Semelhago v. Paramadevan
Traditionally, the standard common law remedy in the case of a Seller’s default on a real estate transaction was “specific performance”. The Court would grant title to the Buyer. In part it was based upon the premise that all real estate was unique and in the 15th century it certainly would be.
However, the Supreme Court of Canada made some changes to the common law in 1996. In Semelhago v. Paramadevan, the Court decided that damages which is the usual “go to” remedy would work equally well in many real estate cases.
The reason for the change in thinking was that so many properties were very much the same as so many other properties. Developers were now into “cookie-cutter” production of housing.
If the Buyer is seeking specific performance they will have to prove to the Court that:
- the property was “unique” , and
- damages would not be an adequate remedy.

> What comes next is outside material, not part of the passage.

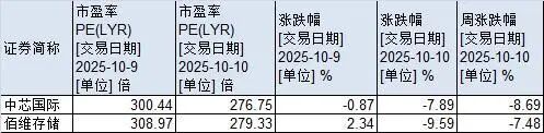 Wind数据显示,本周两个交易日,中芯国际、佰维存储分别累计下跌8.69%、7.48%,这些股票的静态市盈率随着股价调整而有所下降。截至10月10日收盘,中芯国际、佰维存储静态市盈率分别为276.75倍、279.33倍。而截至10月9日收盘,中芯国际的市盈率为300.44倍,佰维存储的市盈率为308.97倍。

The rationale is that the Buyer can purchase almost the same house down the block in the same subdivision, so the Buyer should sue for damages, being the difference in cost and the cost of any improvements to equalize the two properties.
The legal system would not be tied up with the case for a long period of time, and the Buyer would have his remedy sooner.
What do we mean, if a property is unique?
- the physical nature of the property;
- the subjective needs of the Buyer; and
- the “transactional” characteristics – whether the deal contains particularly advantageous terms.
Will damages be sufficient? Will damages adequately compensate the Buyer?
Those are the two tests which must be met in order to satisfy the Semelhago criteria for specific performance.